7.01.2012

'Opkomende landen wuiven neoliberalisme uit'

In het tijdschrift Mo* deze maand staat een lezenswaardig dossier over het economisch beleid van de BRIC-landen.

Dat enkele grote ontwikkelingslanden een economische groeispurt doormaakten in het voorbije decennium is geen nieuws meer. Maar veel mensen ontgaat de snelheid van die evolutie. Zo steeg het aandeel van de ontwikkelingslanden in de wereldeconomie tussen 2000 en 2009 van 40 naar 50 procent (in koopkrachttermen). Die evolutie roept de vraag op in welke mate de opgang van het Zuiden de mondiale politiek zal wijzigen of nu al wijzigt. Het antwoord op die vraag varieert naargelang van het domein.

Controle over financiële sector is sleutel voor nieuw ontwikkelingsmodel
Richard Kozul-Wright, bij de VN-Conferentie voor Handel en Ontwikkeling (Unctad) verantwoordelijk voor de Zuid-Zuidsamenwerking, ziet drie kenmerken die de meeste opkomende landen delen: een financiële sector ondergeschikt aan de echte economie, een sterk industrieel beleid en een sociale zekerheid met universele toegang.

De opkomende landen in de economisch-financiële machtsarena
De opkomende landen nemen het dus niet nauw met de neoliberale mantra’s. Ze denken pragmatisch en streven vooral groei na. Dat betekent nog niet dat ze ook een alternatief verhaal articuleren in de internationale instellingen. Ze verwerven er wel geleidelijk meer macht.

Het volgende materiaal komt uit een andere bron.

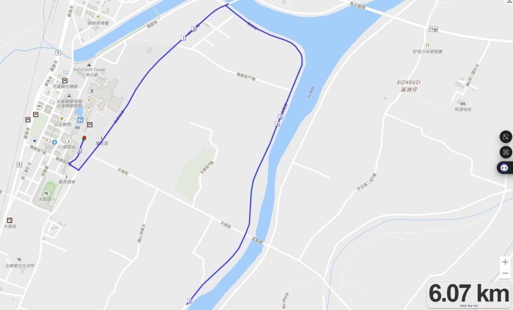 3、比賽路段:光復糖廠(起點) → 糖廠街8巷 → 糖廠街→ 廠部行政大樓 → 中山路一段 → 光復橋 → 流溝道路(嘉農溪西岸) → 流溝道路與台11線交會橋下(補給站+5K 折返點) → 中山路一段 → 光復橋 → 糖廠街 →光復糖廠(終點)。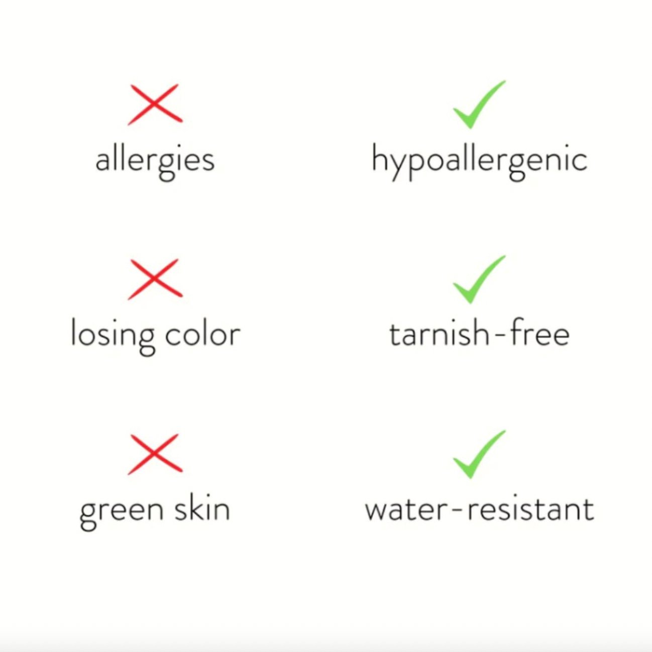 Crafted from waterproof stainless steel, you will never have to worry about your jewellery fading or tarnishing ever again.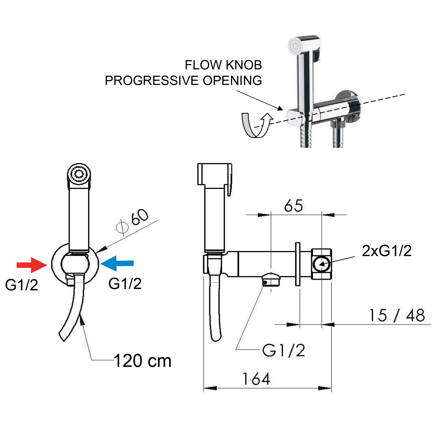 fali bidézuhany progresszív kartussal, matt fekete (DB715)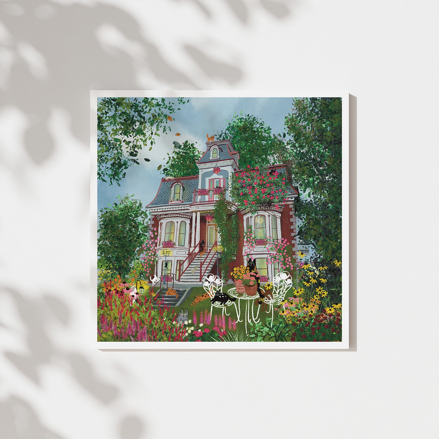 The art print of cats hanging out near a mansion in blooms is printed on high quality fine art paper.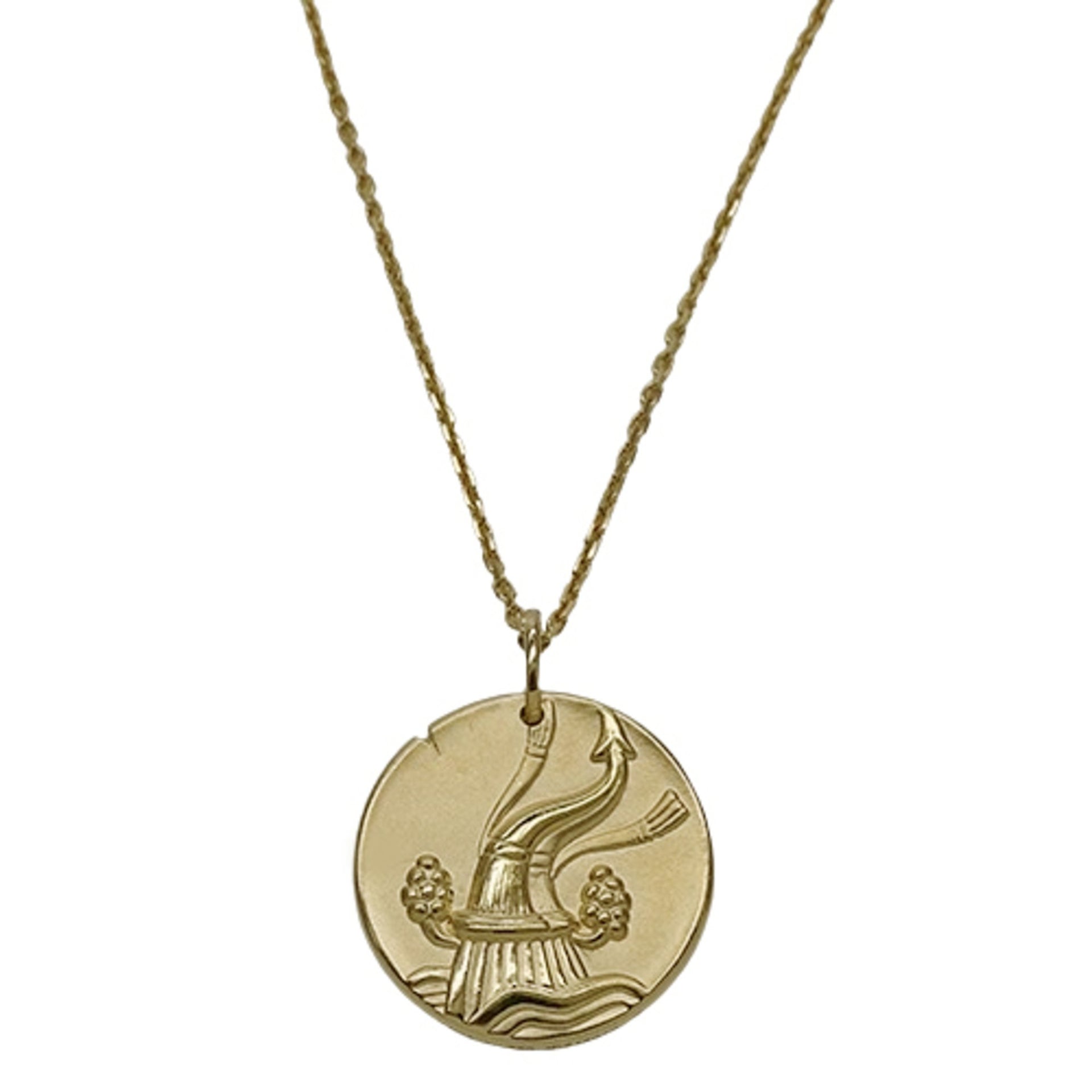 Van Cleef & Arpels women\'s 750YG Zodiac Medal necklace featuring the Aquarius constellation in yellow gold (VCARP7SU00 VCARO3YJ00), polished.

De alternatieve strategieën van de opkomende machten
Op het vlak van economie en financieën hanteren de BRICS-landen een andere aanpak dan de traditionele neoliberale strategie van de Westerse landen. Maar ook in andere domeinen, zoals energie, klimaat, sociaal beleid en veiligheid en vrede doen de groeilanden het anders.

Staatsbedrijven als instrumenten van het beleid
De val de Berlijnse Muur betekende voor velen dat de liberale kapitalistische economie alles voor elkaar ging krijgen. De opkomende economieën drukken vandaag het idee dat globalisering en private ondernemingen de wereldeconomie sturen voor een groot deel de kop in. Nu China, Brazilië, Rusland en co met hun staatsbedrijven de crisis het best lijken door te komen, zijn de kaarten opnieuw geschud.

Groeilanden kunnen kloof tussen arm en rijk nog niet dichten
Ondanks groeicijfers tot tien procent per jaar, slagen de BRICS-landen er voorlasnog niet in hun bevolking uit de armoede te tillen. Vooral Brazilië heeft op vlak van inkomensgelijkheid vooruitgang geboekt, maar de cijfers zijn nog steeds onvergelijkbaar met die van West-Europa.

Veel leesplezier op deze wisselvallige zondag.